Mark Teague, left, and Greg Passmore, right, are as familiar with the operation of Bryson City’s wastewater treatment plant as anyone. Kyle Perrotti photo Mark Teague, left, and Greg Passmore, right, are as familiar with the operation of Bryson City’s wastewater treatment plant as anyone. Kyle Perrotti photo

As crumbling infrastructure in small towns across the country becomes a more urgent issue, Bryson City has been saddled with improving an aging sewer system so old and dysfunctional that North Carolina’s Department of Environmental Quality has halted any large-scale developments in town that would need new sewer connections.

But it’s not all bad news on that front — as the town ramps up efforts to identify deficient runs of pipe and improve its wastewater treatment plant, last week it enjoyed a small victory when DEQ acknowledged that, because of recent improvements, harsher restrictions won’t be needed.  
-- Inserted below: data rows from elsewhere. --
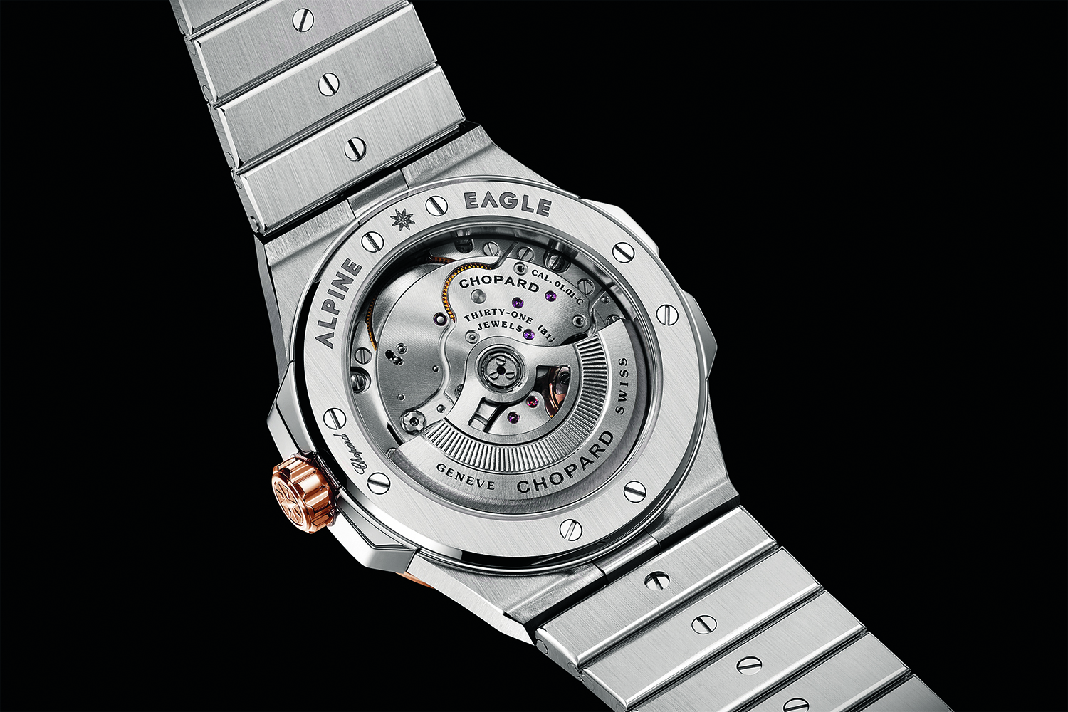 Имея такого туза на руках, было бы глупо рано или поздно им не воспользоваться. И вот наконец осенью нынешнего года компания Chopard решилась на перевыпуск исторических спортивно-элегантных часов с изобретенным в 1980 году широким плоским ободком на восьми винтах и с браслетом интегральной конструкции. Название «Санкт-Мориц», очевидно, было признано неподходящим и слишком узкогеографическим, и выбор был сделан в пользу птицы более высокого полета: встречайте Alpine Eagle, «альпийского орла».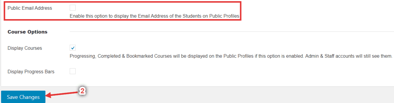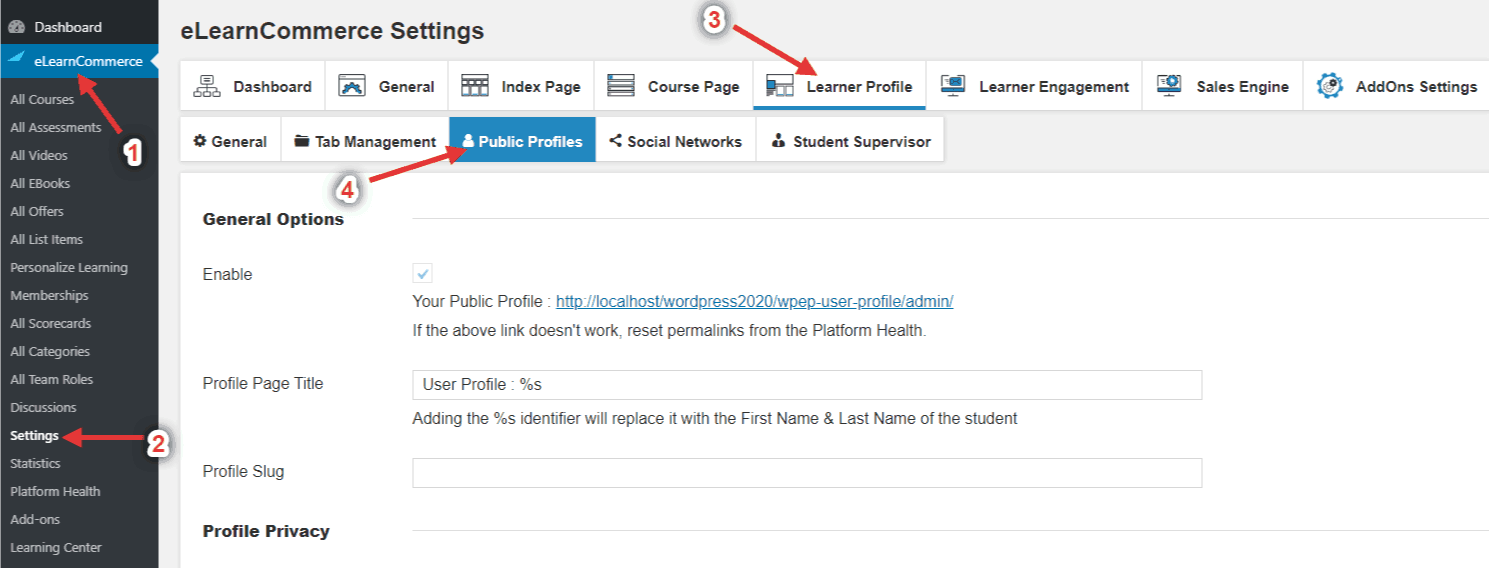 1.: Go to 1.:eLearnCommerce click on 2.:Settings then click 3.: Learner Profile then 4.: Public Profiles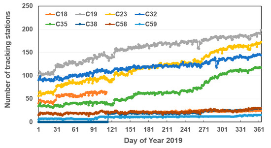 The number of stations with tracking capacity of the BDS-3 representative satellites, i.e., C19, C23, C32, C35, C38, and C59 satellites from DOY 1 to 365, 2019.

However, the town is still under its current mortarium that mandates no large-scale developments may be authorized to connect to the town’s sewer system without a waiver. 

DEQ involvement 

A letter sent to Bryson City Town Manager Regina Mathis from Daniel Smith, DEQ Director of Water Resources, on Sept. 7, 2021, explains why the moratorium was issued at that time. 

Smith wrote about the need to see the town’s “demonstration of future water treatment capacities” to ensure it doesn’t keep exceeding its limits.  

“This rule specifies that no permits for sewer line extensions will be issued by the Division of Water Resources to facilities exceeding 80% of their hydraulic treatment capacity unless specific evaluations of future wastewater treatment needs have been completed,” the letter reads.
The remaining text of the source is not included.